How do I do question 1c and 3? I'm having a hard time understanding punnet squares and all this genotype stuff, is there any really clear explanations anyone would recommend? Thankyou!!
and question 10 if anyone is keen, not to worried about it though, more after the theory behind it thanks 
Firstly, you didn't do question 1a quite right. Where there are two alleles at one gene locus, one recessive and one dominant, the dominant is a capital letter (e.g. B) and the recessive is lower-case of the same letter (e.g. b). It doesn't matter what letter you choose, but they MUST be the same.
So, let's call this the b gene. Which is dominant? Since we have a white and a brown, which produce ALL brown offspring, the brown must be dominant, because the white allele never shows through in the offspring.
--> brown = B, white = b.
What are the genotypes of the mice that were crossed? This means, what are the genotypes of the parents, the white parent and the brown parent. You know that each mouse has two copies of the gene (one on each of their chromosomes in the pair), one from their mum and one from their dad.
Now the white mouse MUST have both 'white' (b) alleles, because we already said that the 'brown' (B) allele is dominant; if the white mouse had the B allele, that would 'overcome' the b allele so the mouse would actually be brown. So the white mouse has the genotype
bb.
The brown mouse must have at least one B allele (because it's brown). BUT. If the other allele was 'white' (b), then 1/2 of its gametes would get the b allele, so 1/2 of its offspring would end up bb (one b from the brown parent, and one from the white parent), so 1/2 the offspring would be white.
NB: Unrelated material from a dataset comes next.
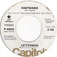 "Eastward" is a song written by Billie Hughes originally recorded in 1971 by Hughes' band Lazarus on their eponymous Lazarus album. American male pop vocal trio The Lettermen covered the song and released it as a single from the Lettermen album Now and Forever in 1974 on Capitol Records.[1][2] The song was produced by the Lettermen and arranged and conducted by Vince Morton. It peaked at #16 on the Adult Contemporary Billboard chart.[3] It was considered a notable Lettermen single.[4]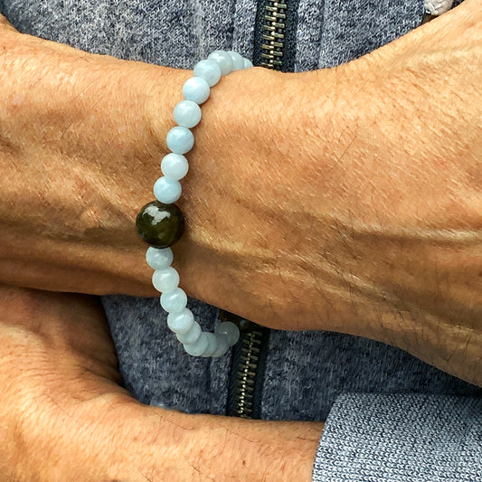 Men’s Aquamarine & black Labradorite semiprecious Gemstone stretch bracelet.

But since we have ALL offspring brown, the other allele must also be B, because every single offspring must have a B allele. ==> brown mouse genotype:
BB.
1c: So, each of their kids (F1 generation) have the genotype
Bb, because they get one B from the brown and one b from the white. So now you're crossing a Bb x Bb. Each parent has two possible gametes they pass down, so the punnett square shows the possible options of the next generation depending on which gametes they're 'made of'.
B bB BB Bb
b Bb bb
From this we see that 3/4 of the 2nd generation have the B allele, so 75% of that generation will be brown.
Question 3Let's go with: far-sighted = F, normal = f.
A normal man must have both f, because if he had the dominant F, then that would 'overcome' the f and he'd be far-sighted. ==>
ff.
The far-sighted women must have one F (because she's far-sighted), and her father was normal so he must have been ff, so she must get an f from him. ==>
Ff f fF Ff Ff
f ff ff
1/2 of those (50%) are ff, and thus normal.
Q10The mother's genotype must be
bb, because she's white and thus can't have a B allele. The father must have at least one B, because otherwise he wouldn't be black.
7 black, 6 white suggests about 50/50 in the offspring. Now if the father had BOTH B alleles, then every one of the offspring would get a B allele, so every one of them would be black. This isn't the case, so the father must be [/b]Bb[/b].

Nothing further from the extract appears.